Using CI Orgeuil high fidelity asteroid soil simulant [4], we performed three measurement types to determine the strength of our samples. Samples of regolith were created by measuring percentage by volume amounts of both coarse and fine grains into the measurement container. We prepared coarse grains in two size distributions, mm-sized (Figure 1) and cm-sized. The fine fraction was composed of grains sieved between 100 and 250 µm. A shear box setup was used to obtain shear yield measurements which in turn provided values for the Angle of Internal Friction (AIF), bulk cohesion, and tensile strength of the samples. A compression setup was used to measure values for the Young’s Modulus (YM) in both confined and unconfined samples. The third setup measured the Angle Of Repose (AOR), the steepest angle of descent relative to the horizontal plane to which a material can pile before collapse. From the AOR, we determined the coefficient of friction of each sample.

For compression and AOR measurements, we find that the strength of the coarse grain samples increases with the addition of a fine fraction (Figure 2, left). These findings are intuitive and support the results from computer simulations. However, we find that the increase of the fine fraction in a sample of coarse grains does not consistently increase the sample shear strength. With increasing fine fractions, the AIF and bulk cohesion (Figure 2, right) of the mixed samples decrease (until a point of saturation). This could be indicative of the fine grains acting as a lubricant as the larger grains move across each other, aiding rolling and reducing interlocking strength.

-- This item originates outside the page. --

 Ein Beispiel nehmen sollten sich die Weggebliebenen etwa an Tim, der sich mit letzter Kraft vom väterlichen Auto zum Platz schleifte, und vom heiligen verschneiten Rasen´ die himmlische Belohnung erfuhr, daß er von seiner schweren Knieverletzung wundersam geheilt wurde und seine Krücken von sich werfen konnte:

Our findings suggest that in the case of the surface of an asteroid, the presence of fine grains does indeed increase the strength of coarse regolith material.  However, fine grains in the regolith sublayers or the asteroid interior will reduce material strength due to grain interlocking and ease disruption. Therefore, rubble piles that are depleted in fine grains will have higher internal strength compared to those composed of grain size distributions that include sub-mm sized particles.

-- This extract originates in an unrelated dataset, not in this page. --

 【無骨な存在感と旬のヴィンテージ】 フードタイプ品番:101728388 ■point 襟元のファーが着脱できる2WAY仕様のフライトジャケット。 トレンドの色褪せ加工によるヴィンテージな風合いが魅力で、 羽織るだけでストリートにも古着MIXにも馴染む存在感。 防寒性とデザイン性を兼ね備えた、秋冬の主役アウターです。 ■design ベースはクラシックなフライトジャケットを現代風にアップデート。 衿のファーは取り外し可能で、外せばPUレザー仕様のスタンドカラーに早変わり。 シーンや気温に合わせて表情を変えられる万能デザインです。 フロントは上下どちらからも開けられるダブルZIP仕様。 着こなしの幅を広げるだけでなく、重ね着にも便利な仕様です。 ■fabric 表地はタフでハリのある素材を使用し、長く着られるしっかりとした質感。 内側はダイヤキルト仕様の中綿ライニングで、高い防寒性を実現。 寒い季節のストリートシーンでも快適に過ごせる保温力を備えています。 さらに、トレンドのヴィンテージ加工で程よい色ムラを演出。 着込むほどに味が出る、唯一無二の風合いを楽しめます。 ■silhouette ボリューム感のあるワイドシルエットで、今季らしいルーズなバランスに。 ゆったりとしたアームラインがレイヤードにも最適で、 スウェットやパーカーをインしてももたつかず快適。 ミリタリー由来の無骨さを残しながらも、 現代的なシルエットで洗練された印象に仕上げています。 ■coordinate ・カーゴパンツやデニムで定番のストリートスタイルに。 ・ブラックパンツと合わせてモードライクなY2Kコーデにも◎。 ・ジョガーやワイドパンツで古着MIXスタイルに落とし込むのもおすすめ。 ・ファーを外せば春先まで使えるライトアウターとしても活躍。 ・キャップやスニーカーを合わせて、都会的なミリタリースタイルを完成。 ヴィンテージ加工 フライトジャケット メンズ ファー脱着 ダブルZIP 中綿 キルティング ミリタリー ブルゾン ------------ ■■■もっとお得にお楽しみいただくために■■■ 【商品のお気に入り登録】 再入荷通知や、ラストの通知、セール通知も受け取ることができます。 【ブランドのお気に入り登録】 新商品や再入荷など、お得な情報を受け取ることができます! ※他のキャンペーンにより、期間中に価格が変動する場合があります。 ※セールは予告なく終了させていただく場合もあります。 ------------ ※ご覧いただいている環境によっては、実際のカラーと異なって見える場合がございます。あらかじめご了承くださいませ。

[1] Walsh, K.J., 2018. Rubble pile asteroids. Annual Review of Astronomy and Astrophysics, 56, pp.593-624.

[2] Holsapple, K., 2020. Main Belt Asteroid Histories: Simulations of erosion, cratering, catastrophic dispersions, spins, binaries and tumblers. arXiv preprint arXiv:2012.15300.

[3] Sánchez, P. and Scheeres, D.J., 2014. The strength of regolith and rubble pile asteroids. Meteoritics & Planetary Science, 49(5), pp.788-811.

[4] Metzger, P.T., Britt, D.T., Covey, S., Schultz, C., Cannon, K.M., Grossman, K.D., Mantovani, J.G. and Mueller, R.P., 2019. Measuring the fidelity of asteroid regolith and cobble simulants. Icarus, 321, pp.632-646.

How to cite: Cox, C., Brisset, J., Partida, A., Madison, A., and Bitcon, O.: Mechanical properties of fine-coarse grain mixtures of asteroid regolith, European Planetary Science Congress 2021, online, 13–24 Sep 2021, EPSC2021-454, https://doi.org/10.5194/epsc2021-454, 2021.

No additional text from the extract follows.